Problem loading data from HDFS
Hi All,
I am new in Zepplin and HDFS. I manage to install zeppelin and working fine
while loading data from local directory . But when same I am trying to load
from HDFS (install locally standalone mode).
here is my code :
val bankText = sc.textFile("/home/ranveer/Desktop/CSVs/bank-full.csv")
above is working fine.
but when trying form hdfs :
val bankText = sc.textFile("hdfs://127.0.0.1:9000/demo/
<http://127.0.0.1:9000/demo/csv/bank-full.csv>csv
<http://127.0.0.1:9000/demo/csv/bank-full.csv>/
<http://127.0.0.1:9000/demo/csv/bank-full.csv>bank-full.csv
<http://127.0.0.1:9000/demo/csv/bank-full.csv>")
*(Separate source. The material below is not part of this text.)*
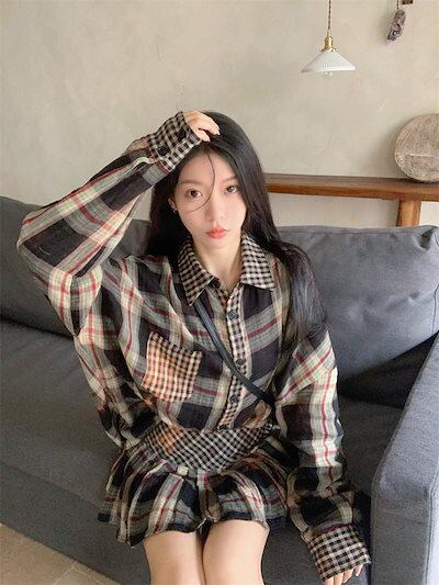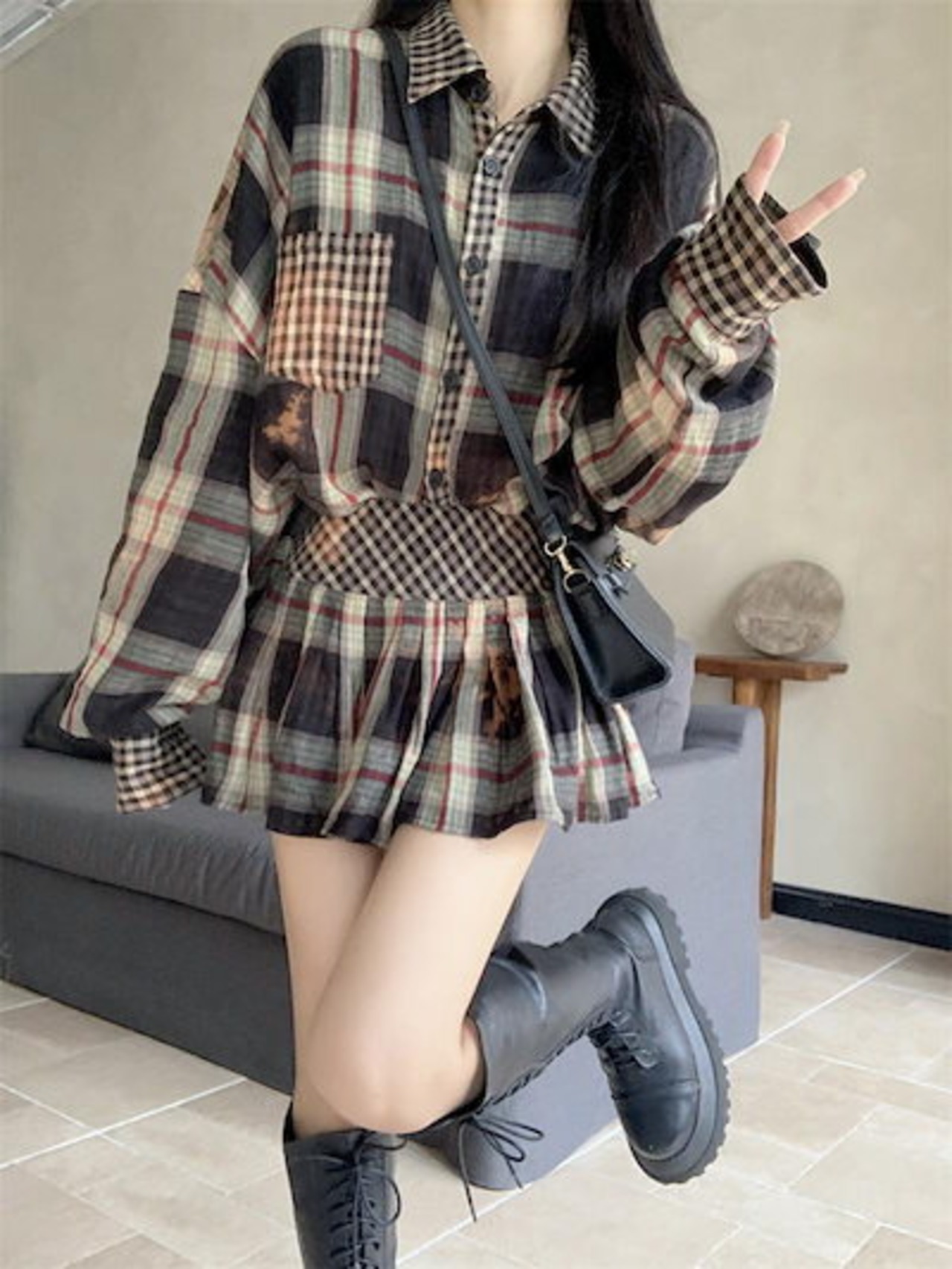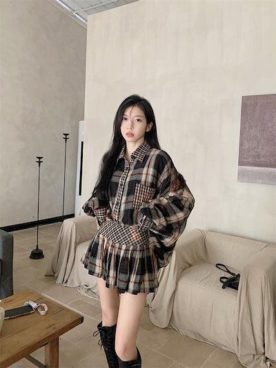 ゆったりレトロチェックシャツ ワンピース レディース 2点セット 通勤 OL 早秋 韓国ファッション

not working and giving error :
java.lang.VerifyError: class
org.apache.hadoop.hdfs.protocol.proto.ClientNamenodeProtocolProtos$GetAdditionalDatanodeRequestProto
overrides final method
getUnknownFields.()Lcom/google/protobuf/UnknownFieldSet; at
java.lang.ClassLoader.defineClass1(Native Method) at
java.lang.ClassLoader.defineClass(ClassLoader.java:800) at
java.security.SecureClassLoader.defineClass(SecureClassLoader.java:142) at
java.net.URLClassLoader.defineClass(URLClassLoader.java:449) at
java.net.URLClassLoader.access$100(URLClassLoader.java:71)
complete code is :
val bankText = sc.textFile("hdfs://127.0.0.1:9000/demo/
<http://127.0.0.1:9000/demo/csv/bank-full.csv>csv
<http://127.0.0.1:9000/demo/csv/bank-full.csv>/
<http://127.0.0.1:9000/demo/csv/bank-full.csv>bank-full.csv
<http://127.0.0.1:9000/demo/csv/bank-full.csv>")
// val bankText = sc.textFile("/home/ranveer/Desktop/CSVs/bank-full.csv")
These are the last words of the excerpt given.